# IV Guidelines for Charging CPT 96366 following CPT 96367 - How should I charge?



## Pvdcoder (Mar 14, 2018)

Hello,
My question is, if a patient in the ED received multiple IV drug infusions and one of the drugs only ran for 63 minutes, would I charge 96367 alone or do I add 96366 because it ran over 60 minutes?  Here are the drugs that were given:

Patient was in the ER from 03/01/18 to 03/02/18


Infusions:

Vancomycin	3/1	2059-2336	total of 157 minutes
Azactam	3/1	2207-0024	total of 137 minutes
Mag Sulfate	3/1	2337-0129	total of 112 minutes
Flagyl		3/2	0026-0129	total of 63 minutes

I would charge it this way:  Vanco  - 96365 & 96366 x 2, Azactam – 96367 & 96366 x 1, Mag Sulfate – 96367 & 96366 x 1 and Flagyl – 96367.

I am being told that I should add CPT 96366 to the Flagyl charge because it ran over 63 minutes but I thought in order to charge 96366 it had to run at least 91 minutes.  Does it only have to run over 60 minutes when charging a sequential infusion (96367) to add the subsequent (96366) charge?

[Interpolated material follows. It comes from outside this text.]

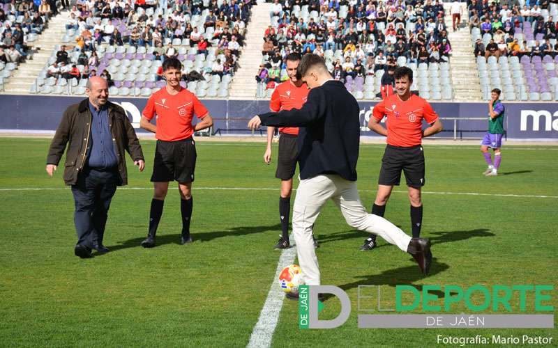 El jugador internacional Antonio Pérez se encargó de hacer el saque de honor en la previa del encuentro disputado este domingo en el estadio de La Victoria entre el Real Jaén y La Unión Atlético, correspondiente a la jornada 31 del grupo IV de la Segunda RFEF.
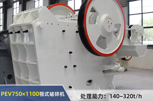 750×1100破碎机指PEV750×1100颚式破碎机,进料口允许通过不大于640mm的物料,排料口调整范围在80-190mm之间,一小时产量可达到140-320吨,所配置的电机功率为90-110千瓦,外形尺寸长宽高分别是3750mm,2580mm,3180mm,重量约26吨左右。

Can someone please explain if I should have charged the 96366 and why?


----------



## cleanclaims (Mar 18, 2018)

I used this article from AHIMA and it helped with a couple of the scenarios that I had.  See if this helps:  http://bok.ahima.org/doc?oid=107707#.Wq79tOSG_IU

Kat


----------



## khines80 (Jan 22, 2019)

*Infusion Charging*

Since you did not specify, I'm going to assume that this patient had only one vascular access site. I think you've got a very good idea of what should be charged. I just have one change and will try to answer your questions as well.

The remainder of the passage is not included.